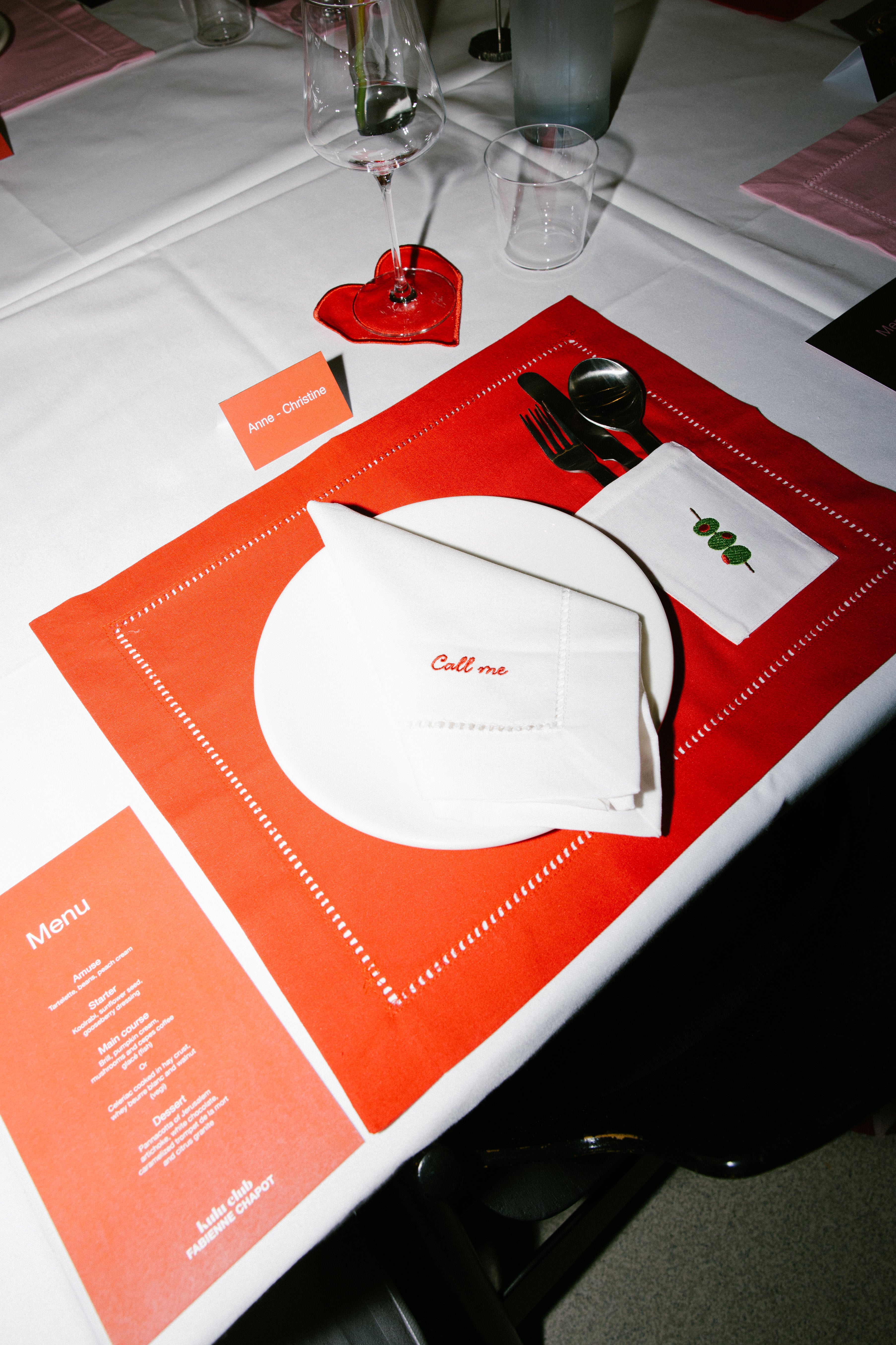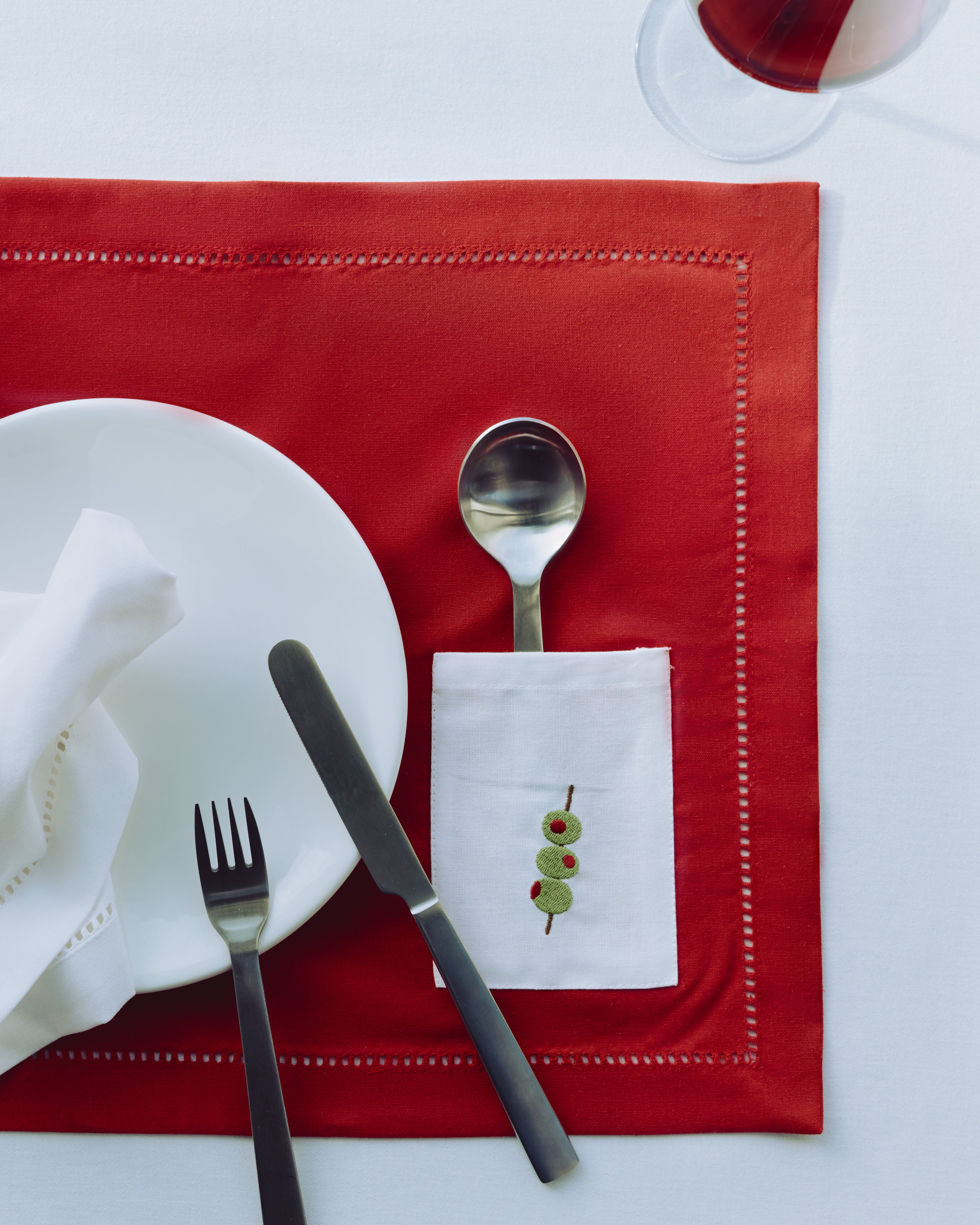 Crafted from premium linen and finished with an elegant hemstitch border, this set includes bright red placemats with crispy white cutlery pockets, and beautifully embroidered with an olive-on-a-stick motif, a cheeky nod to your favourite martini.
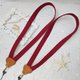 红色系Y型减压双色花布真皮手机颈挂绳 - 挂绳/吊绳 - 棉.麻 红色
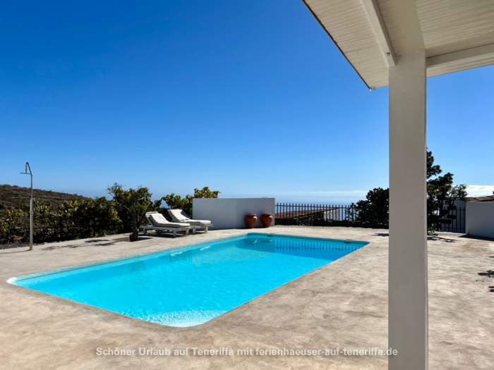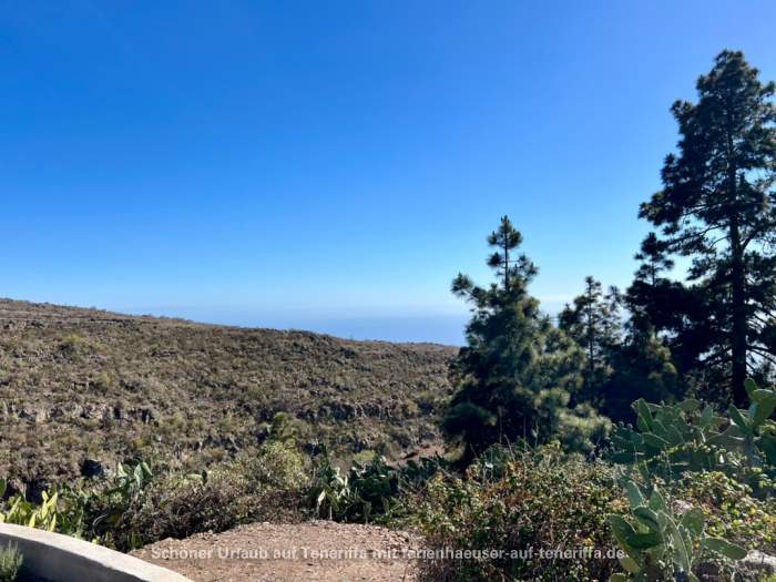 Vom Pool aus schweift der Blick über vereinzelte höher gelegene Häuser, die umliegenden Berge und den entlang der Grundstücksgrenze verlaufenden Barranco hinunter zur Westküste bis zum Atlantik. Bei klarer Sicht erscheinen sogar die Nachbarinseln La Gomera, La Palma und El Hierro.
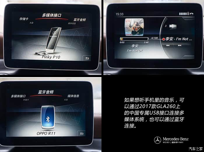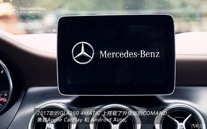 GLA 260 4MATIC上搭载了升级版的COMAND,兼容Apple CarPlay和Android Auto,都通过杯架旁边的旋钮控制,液晶屏如果做成触摸屏会更方便吧。如果要听手机里的歌曲,可以用数据线通过车上中国专属的USB接口连接多媒体系统,也可以通过蓝牙连接。
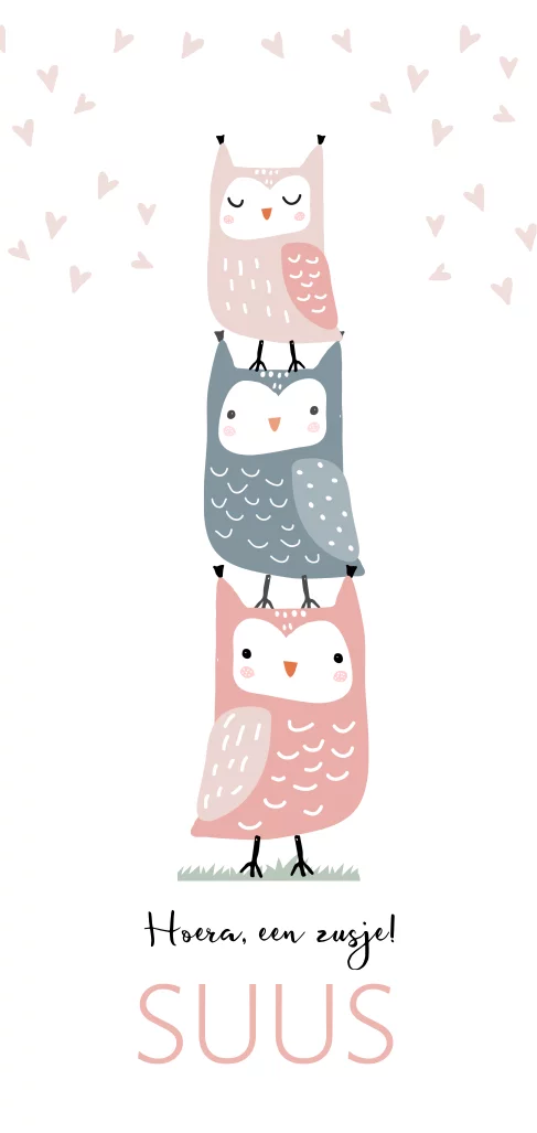 Een rustig dieren geboortekaartje voor een meisje, een derde kindje. Drie lieve uiltjes staan boven op elkaar, wat een leuk effect geeft. Op dit babykaartje Suus staan de drie kindjes (een baby zusje, een broer en een grote zus) in de vorm van uiltjes in zalm roze en blauwe tinten. Het kleinste uiltje heeft de oogjes dicht. Rondom de uiltjes staan kleine hartjes.
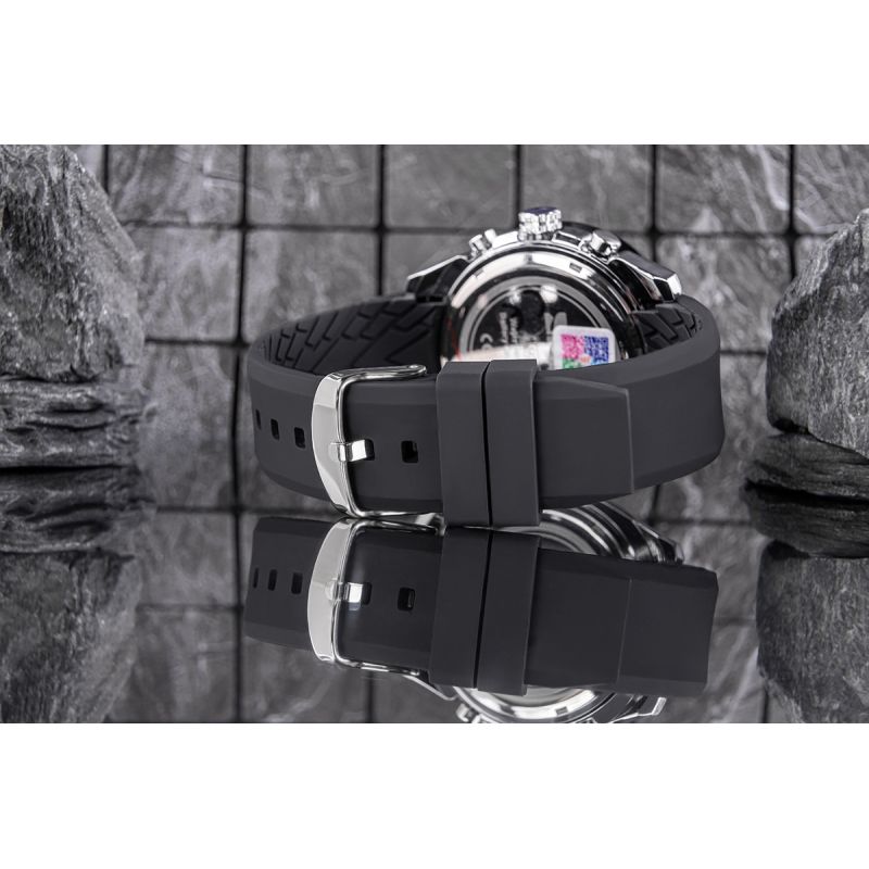 Wykonany z najwyższej jakości, elastycznego silikonu, ten pasek zachwyca swoją miękkością i perfekcyjnym dopasowaniem już od pierwszego założenia. Dzięki swojej wytrzymałości i odporności na wodę, pasek zachowuje estetyczny wygląd na długo, a jego lekkość sprawia, że zegarek idealnie nadaje się do aktywnego stylu życia. Silikonowy pasek jest również niezwykle łatwy w pielęgnacji, co sprawia, że zegarek męski z takim paskiem to połączenie nowoczesnego stylu z praktyczną wygodą.

▶ TASK STATEMENT
The required output is the exact lines from the opening line of the entries through the line with "Vom Pool aus", inclusive, without pictures.

▶ REPLY TO THE TASK
 Crafted from premium linen and finished with an elegant hemstitch border, this set includes bright red placemats with crispy white cutlery pockets, and beautifully embroidered with an olive-on-a-stick motif, a cheeky nod to your favourite martini.
 红色系Y型减压双色花布真皮手机颈挂绳 - 挂绳/吊绳 - 棉.麻 红色
 Vom Pool aus schweift der Blick über vereinzelte höher gelegene Häuser, die umliegenden Berge und den entlang der Grundstücksgrenze verlaufenden Barranco hinunter zur Westküste bis zum Atlantik. Bei klarer Sicht erscheinen sogar die Nachbarinseln La Gomera, La Palma und El Hierro.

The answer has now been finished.